In the depicted exemplary embodiment, the centrifugal force pendulum 13d assigned connected to the transmission input shaft 5d is positioned on the end of the transmission input shaft 5d between the dual-clutch 8d and the crankshaft 3d, with an inertial mass, such as a single-mass or dual-mass flywheel that can be situated on the latter.

Claims

1. A drive train comprising:

an internal combustion engine having a crankshaft;

a transmission including a plurality of axially spaced spur gears for setting different transmission gear ratios, and including at least one transmission input shaft coupled to the crankshaft by a friction clutch including a clutch plate received within a clutch housing and connected in a rotationally locked manner to the at least one transmission input shaft, wherein the clutch plate includes a torsional vibration damper to damp torsional vibrations in the spur gears of the transmission; and

a centrifugal force pendulum carried on the at least one transmission input shaft and separate from the friction clutch and at an axial distance from the clutch plate, wherein the centrifugal force pendulum includes pendulum masses supported on rollers carried by a radially extending pendulum flange member that is non-rotatably carried on the at least one transmission input shaft;

wherein the centrifugal force pendulum is situated at an end of the transmission input shaft that extends through the spur gears, and

the spur gears are positioned between the friction clutch and the centrifugal force pendulum.

2. A drive train comprising:

an internal combustion engine having a crankshaft;

a transmission including a plurality of axially spaced spur gears for setting different transmission gear ratios, and including at least one transmission input shaft coupled to the crankshaft by a friction clutch including a clutch plate received within a clutch housing and connected in a rotationally locked manner to the at least one transmission input shaft, wherein the clutch plate includes a torsional vibration damper to damp torsional vibrations in the spur gears of the transmission; and

a centrifugal force pendulum carried on the at least one transmission input shaft and separate from the friction clutch and at an axial distance from the clutch plate, wherein the centrifugal force pendulum includes pendulum masses supported on rollers carried by a radially extending pendulum flange member that is non-rotatably carried on the at least one transmission input shaft;

wherein the transmission is a dual-clutch transmission that includes two sub-transmissions, each sub-transmission having a respective transmission input shaft, one of the two sub-transmissions having a hollow transmission input shaft;

wherein the centrifugal force pendulum is non-rotatably carried directly on the hollow transmission input shaft;

wherein each sub-transmission includes a respective set of spur gears and

the centrifugal force pendulum is situated between the sets of spur gears of the sub-transmissions.

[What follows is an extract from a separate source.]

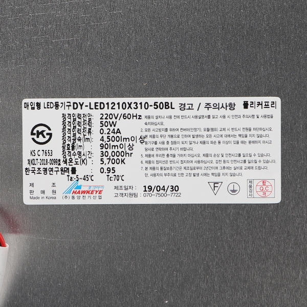 품명및 모델명 : LED평판 슬림베젤 엣지/1210*310 50W ★주광★ KS

3. The drive train according to claim 2,

wherein at least one pendulum mass carried by the centrifugal force pendulum is situated radially outwardly of a radially outermost surface of at least one spur gear of one of the sets of spur gears carried on the hollow transmission input shaft, and

wherein the at least one pendulum mass at least partially axially overlaps the at least one spur gear.